Those were just some off the top of my head. Please add on to this list :sharka:
 

reefman23

New Member
rescuediver19 said:
-You might be an aquariumholic if you get upset when people call your clownfish nemo...
This one reminded me of a comment of a www.reefkeeping.com issue... "$10,000 invested in a 125-gallon mixed reef, and all I hear is, "Oh look, a Nemo!""

These are all comments straight from the mouth of die-hard, addicted reefers... also from reefkeeping.com...

"Top Ten Worst Things You Have Done To Support Your Reef Habit..."
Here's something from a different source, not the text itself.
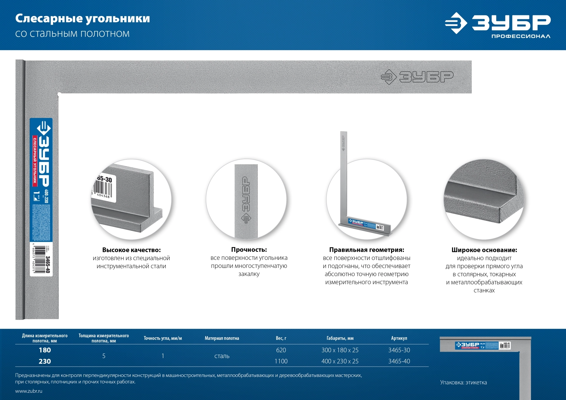 ПроизводителиУгольник слесарный 300х180мм, стальное полотно "ПРОФЕССИОНАЛ" (3465-30) ЗУБР
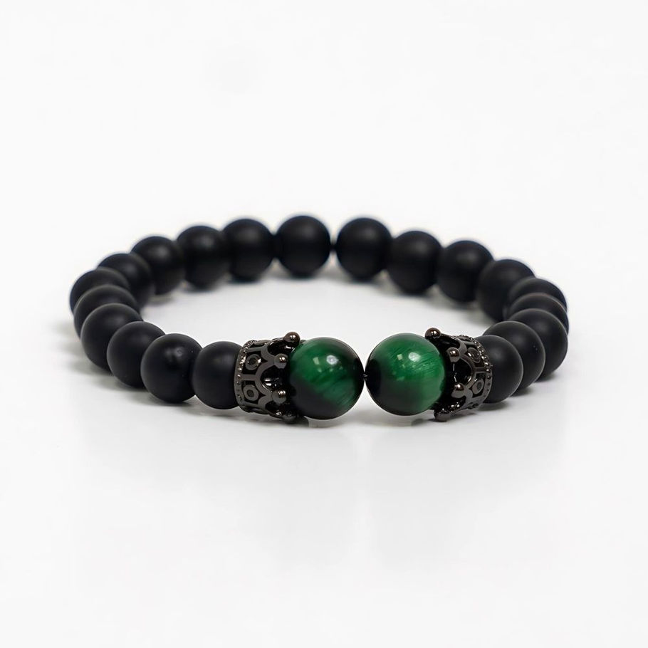 Introducing our Handmade Matte Onyx and Green Tiger’s Eye Bracelet, accented with a striking black crystal and aluminum crown.

10) I moved into a smaller appartment, paid an electrician to install a new breaker box for the tanks and sold the couch and entertainment center.

9) Retirement?!?! Who needs retirement? I have started three IRAs and not one has lasted for a year or more. Everytime I get enough in the account and think I am doing well, I see something at the LFS or online that I know my aquarium will love to have. There goes that IRA!!!

8) I sold a dime bag of oregano to my cousin so I could put gas in my car to drive to the LFS, and then smoked the dime bag of oregano with my cousin and acted stoned so he would buy another bag.

7) I pulled my wife's IV equipment out of the trash because they make great kalkwasser dosers! Hey, they just would have gone to waste otherwise, right?

6) I awoke at three o'clock in the morning to sneak a new apparatus into the house.

5) I took out a second mortgage.

4) I've convinced myself that Ramen noodles taste good.

3) I have sold my blood plasma to raise money for my reef.

2) I purchased a $75.00 coral after promising not buy anything else and used a supermaket receipt to "prove" to my wife that I only paid $2.99. The $2.99 was for a box of Chewy Chips Ahoys, and I covered the top of the receipt with my finger.

1) Without my wife's permission, I got a 55-gallon tank when I needed a brake job on my truck. Then, the next day I hit a car when I couldn't stop!

Here is another one to check out... "Top Ten Ways To Tell There Is A Reef Nut In The House Without Actually Seeing The Tank..."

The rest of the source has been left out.